___ Records supplied ___

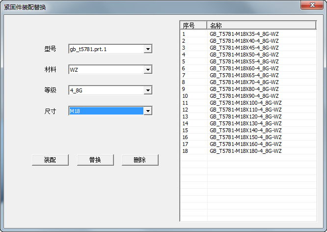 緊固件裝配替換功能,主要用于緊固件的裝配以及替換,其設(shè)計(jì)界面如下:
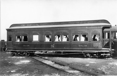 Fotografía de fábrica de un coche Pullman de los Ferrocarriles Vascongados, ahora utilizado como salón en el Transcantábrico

___
___ Records supplied ___

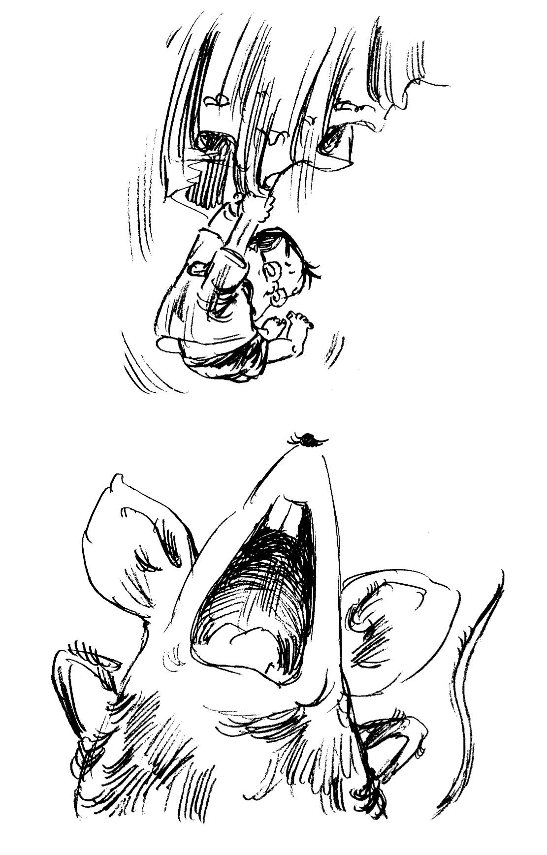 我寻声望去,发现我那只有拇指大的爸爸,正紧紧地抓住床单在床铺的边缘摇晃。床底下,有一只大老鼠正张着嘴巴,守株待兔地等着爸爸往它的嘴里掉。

___

The problem: Copy exactly, without pictures, the lines above from the one with "緊固件裝配替換功能,主要用于" down to the one with "Fotografía de fábrica", inclusive.

Task result:
 緊固件裝配替換功能,主要用于緊固件的裝配以及替換,其設(shè)計(jì)界面如下:
 Fotografía de fábrica de un coche Pullman de los Ferrocarriles Vascongados, ahora utilizado como salón en el Transcantábrico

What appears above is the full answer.